Gradient descent changes the value of our weights in such a way that it always converges to minimum point or we can also say that, it aims at finding the optimal weights which minimize the loss function of our model. It is an iterative method that finds the minimum of a function by figuring out the slope at a random point and then moving in the opposite direction.
The intuition is that if you are hiking in a canyon and trying to descend most quickly down to the river at the bottom, you might look around yourself 360 degrees, find the direction where the ground is sloping the steepest, and walk downhill in that direction.
At first gradient descent takes a random value of our parameters from our function. Now we need an algorithm that will tell us whether at the next iteration we should move left or right to reach the minimum point. The gradient descent algorithm finds the slope of the loss function at that particular point and then in the next iteration, it moves in the opposite direction to reach the minima. Since we have a convex graph now we don’t need to worry about local minima. A convex curve will always have only 1 minima.
We can summarize the gradient descent algorithm as:
Here alpha is known as the learning rate. It determines the step size at each iteration while moving towards the minimum point. Usually, a lower value of “alpha” is preferred, because if the learning rate is a big number then we may miss the minimum point and keep on oscillating in the convex curve.
Now the question is what is this derivative of cost function? How do we do this? Don’t worry, In the next section we’ll see how we can derive this cost function w.r.t our parameters.
Before we derive our cost function we’ll first find a derivative for our sigmoid function because it will be used in derivating the cost function.
Now, we will derive the cost function with the help of the chain rule as it allows us to calculate complex partial derivatives by breaking them down.
Hence the derivative of our cost function is:
Now since we have our derivative of the cost function, we can write our gradient descent algorithm as:
If the slope is negative (downward slope) then our gradient descent will add some value to our new value of the parameter directing it towards the minimum point of the convex curve. Whereas if the slope is positive (upward slope) the gradient descent will minus some value to direct it towards the minimum point.
This tutorial has provided a comprehensive overview of logistic regression, focusing on its application and implementation using scikit-learn
(sklearn
). Logistic regression is a powerful tool for handling categorical variables and predicting binary outcomes. Unlike decision trees, which create non-linear decision boundaries, logistic regression uses a linear relationship transformed by the exponential function through an activation function.
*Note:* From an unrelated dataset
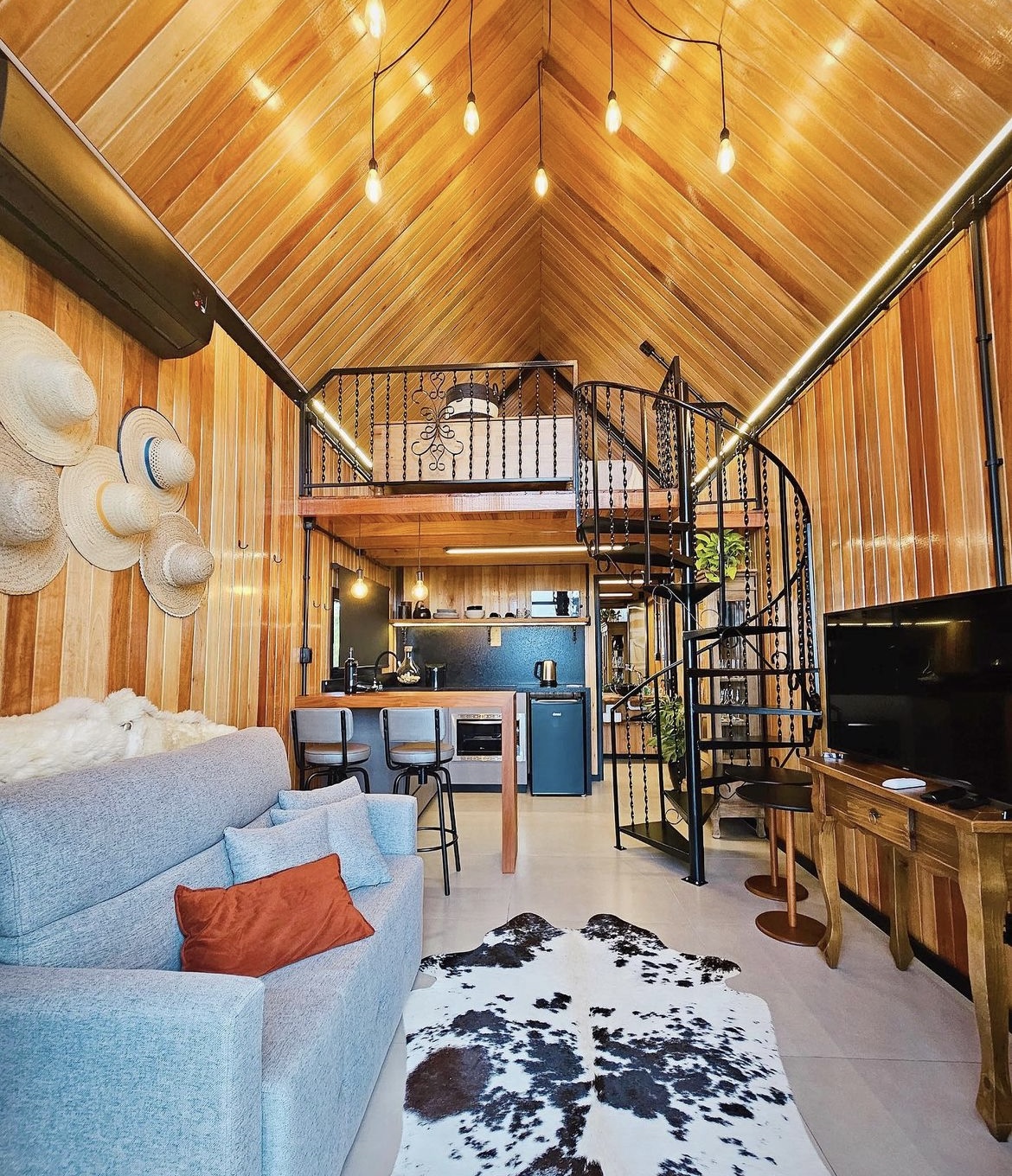 Ao lado do Vale dos Vinhedos e com vistas deslumbrantes das parreiras de uva, este refúgio proporciona uma experiência única. Combinando estilo moderno e único, oferece conforto e tranquilidade. Ideal para casais em busca de romance ou amantes do vinho em busca de uma escapada relaxante. Descubra o sabor dos vinhos locais e explore as vinícolas próximas. Possui cozinha completa, TV 42'' smart + Btv, internet 500 MB, ar condicionado, lareira e lenha, cama Queen + toalhas e roupas de cama. Na parte externa, conta com fogo chão com uma vista magnífica para a cidade de Bento Gonçalves. Nas Alta Vista cabanas, os hóspedes podem ficar totalmente à vontade para desfrutar da comodidade das cabanas e parte externa como pátio e fogo de chão, curtindo uma vista incrível.

We emphasized the importance of splitting data into a training set and a test set for proper model validation. By following this tutorial, you should now have a solid understanding of how to implement logistic regression in Python using scikit-learn
and how it compares to other machine learning models like decision trees.
Hope you like the article, and getting clear on topics of logistic regression model, logistic regression machine learning, what is logistic regression and logistic regression model and how we have tell full about the logistic regression explained it fully.
sklearn
library in Python provides robust tools for implementing logistic regression models.A. Logistic regression, also known as logistics regression, is used for categorical outcomes, while linear regression is used for continuous outcomes.
A. There are a number of machine learning algorithms that can outperform logistic regression on certain tasks. For example, random forests and gradient-boosting machines can often achieve higher accuracy on classification tasks. However, logistic regression is still a very popular algorithm due to its simplicity, interpretability, and efficiency.
A. Binary: Two outcomes (yes/no, spam/not spam).
Multinomial: Three or more unordered outcomes (cat/dog/bird).
Ordinal: Three or more ordered outcomes (low/medium/high).
A. Logistic regression is supervised.